One of the few exceptions to this rule is the mayor of Guayaquil, Aquiles Álvarez, who has been incarcerated in Encuentro since February, despite never having been convicted of a crime. After outcry was raised by his family and defense team, authorities authorized a weekly video call under the supervision of penitentiary officials. After nearly four months of imprisonment, those close to him say he has lost more than 50 pounds.
The government, which denies the existence of any prison crisis or tuberculosis outbreak, justified the mayor’s drastic physical deterioration by saying that he was “watching what he eats,” according to Minister of the Interior John Reimberg. Later, those statements were qualified: officials said the mayor was carrying out a legal strategy. “Since Aquiles’ defense has not managed to get him out of jail, what do they tell him? Don’t eat. And he doesn’t want to eat,” said Reimberg.
Former vice president Jorge Glas, who was sentenced on charges of corruption and was one of the first prisoners to be transferred to the facility that authorities have dedicated to the fight against terrorism, has made similar allegations. Glas says he has not received adequate food and is suffering systematic torture.

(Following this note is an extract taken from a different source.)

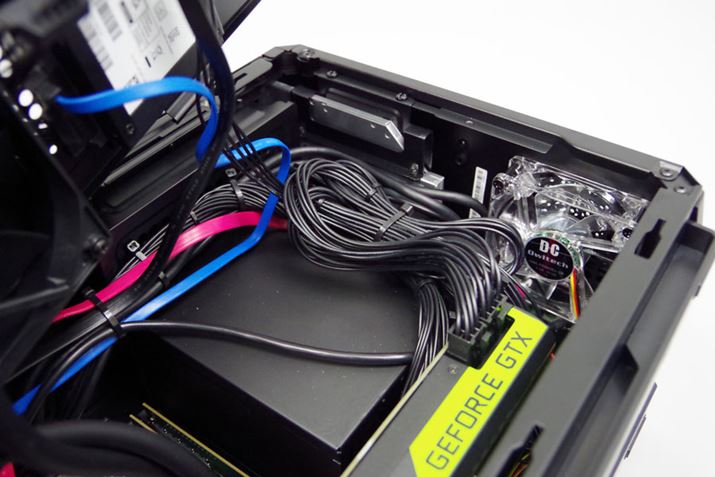 ケース内前面方向を望む。大きく黒い物体が、大容量700W出力のATX電源。「80PLUS GOLD」認証を取得した安定性を誇る。その下側に配置されているのが、前面の吸気ファンだ

Vivian Idrovo, coordinator of the Alliance for Human Rights Ecuador, says that prisoners have been a population that the state is willing to sacrifice. “They commit serious human rights violations to justify these cruel measures,” she says. In her eyes, the militarization of the penitentiary system has not managed to contain the advance of organized crime. “They focus on this population to cover up the inaction of the state in the fight against criminal economies, like for example, money laundering,” she says. “It is a dehumanization. The cruelty is exhibited, as if cruelty were an antidote to organized crime.”